*Task details*
Everything from the line containing "Trish and Nicksoni" through the line containing "Deze gerenoveerde en" in the listing below should be copied exactly, and nothing more.

*Records to use*
- Opening Delimiter -
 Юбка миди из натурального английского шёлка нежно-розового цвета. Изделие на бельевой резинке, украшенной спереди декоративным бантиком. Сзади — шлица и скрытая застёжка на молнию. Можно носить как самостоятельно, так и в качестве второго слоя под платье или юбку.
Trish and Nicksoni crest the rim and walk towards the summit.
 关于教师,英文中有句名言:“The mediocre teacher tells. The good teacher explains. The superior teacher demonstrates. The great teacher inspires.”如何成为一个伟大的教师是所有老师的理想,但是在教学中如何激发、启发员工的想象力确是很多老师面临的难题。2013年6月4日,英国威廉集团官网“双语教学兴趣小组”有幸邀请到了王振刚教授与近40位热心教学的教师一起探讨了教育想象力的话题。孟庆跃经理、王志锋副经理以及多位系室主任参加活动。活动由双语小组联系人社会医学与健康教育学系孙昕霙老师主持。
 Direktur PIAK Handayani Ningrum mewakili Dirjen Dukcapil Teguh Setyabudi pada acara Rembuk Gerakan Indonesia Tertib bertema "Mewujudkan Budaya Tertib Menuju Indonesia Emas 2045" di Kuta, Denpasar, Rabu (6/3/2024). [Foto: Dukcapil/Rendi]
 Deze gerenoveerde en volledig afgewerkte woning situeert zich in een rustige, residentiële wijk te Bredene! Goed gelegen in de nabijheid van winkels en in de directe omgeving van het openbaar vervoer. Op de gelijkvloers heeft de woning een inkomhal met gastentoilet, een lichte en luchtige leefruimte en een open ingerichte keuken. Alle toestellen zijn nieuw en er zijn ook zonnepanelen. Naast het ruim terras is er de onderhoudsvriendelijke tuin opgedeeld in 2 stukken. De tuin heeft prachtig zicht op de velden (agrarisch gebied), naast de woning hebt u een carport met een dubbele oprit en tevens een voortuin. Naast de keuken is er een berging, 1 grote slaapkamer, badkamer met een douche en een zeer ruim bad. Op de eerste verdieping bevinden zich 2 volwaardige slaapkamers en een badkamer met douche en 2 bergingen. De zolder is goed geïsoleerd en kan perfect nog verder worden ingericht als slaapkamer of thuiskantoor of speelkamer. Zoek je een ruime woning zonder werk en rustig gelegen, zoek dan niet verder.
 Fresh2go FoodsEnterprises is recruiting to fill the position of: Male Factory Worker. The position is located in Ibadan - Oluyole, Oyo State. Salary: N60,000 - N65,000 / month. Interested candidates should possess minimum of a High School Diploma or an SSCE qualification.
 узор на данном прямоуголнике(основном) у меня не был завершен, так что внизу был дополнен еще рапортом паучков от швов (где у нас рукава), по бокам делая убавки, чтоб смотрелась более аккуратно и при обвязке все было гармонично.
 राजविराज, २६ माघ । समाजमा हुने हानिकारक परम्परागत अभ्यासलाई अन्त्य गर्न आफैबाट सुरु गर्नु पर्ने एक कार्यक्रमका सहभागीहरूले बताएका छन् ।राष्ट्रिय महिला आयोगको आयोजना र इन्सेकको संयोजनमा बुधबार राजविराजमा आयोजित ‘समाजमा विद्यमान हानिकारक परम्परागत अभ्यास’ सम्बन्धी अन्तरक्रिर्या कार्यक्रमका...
- Closing Delimiter -
*Result*
Trish and Nicksoni crest the rim and walk towards the summit.
 关于教师,英文中有句名言:“The mediocre teacher tells. The good teacher explains. The superior teacher demonstrates. The great teacher inspires.”如何成为一个伟大的教师是所有老师的理想,但是在教学中如何激发、启发员工的想象力确是很多老师面临的难题。2013年6月4日,英国威廉集团官网“双语教学兴趣小组”有幸邀请到了王振刚教授与近40位热心教学的教师一起探讨了教育想象力的话题。孟庆跃经理、王志锋副经理以及多位系室主任参加活动。活动由双语小组联系人社会医学与健康教育学系孙昕霙老师主持。
 Direktur PIAK Handayani Ningrum mewakili Dirjen Dukcapil Teguh Setyabudi pada acara Rembuk Gerakan Indonesia Tertib bertema "Mewujudkan Budaya Tertib Menuju Indonesia Emas 2045" di Kuta, Denpasar, Rabu (6/3/2024). [Foto: Dukcapil/Rendi]
 Deze gerenoveerde en volledig afgewerkte woning situeert zich in een rustige, residentiële wijk te Bredene! Goed gelegen in de nabijheid van winkels en in de directe omgeving van het openbaar vervoer. Op de gelijkvloers heeft de woning een inkomhal met gastentoilet, een lichte en luchtige leefruimte en een open ingerichte keuken. Alle toestellen zijn nieuw en er zijn ook zonnepanelen. Naast het ruim terras is er de onderhoudsvriendelijke tuin opgedeeld in 2 stukken. De tuin heeft prachtig zicht op de velden (agrarisch gebied), naast de woning hebt u een carport met een dubbele oprit en tevens een voortuin. Naast de keuken is er een berging, 1 grote slaapkamer, badkamer met een douche en een zeer ruim bad. Op de eerste verdieping bevinden zich 2 volwaardige slaapkamers en een badkamer met douche en 2 bergingen. De zolder is goed geïsoleerd en kan perfect nog verder worden ingericht als slaapkamer of thuiskantoor of speelkamer. Zoek je een ruime woning zonder werk en rustig gelegen, zoek dan niet verder.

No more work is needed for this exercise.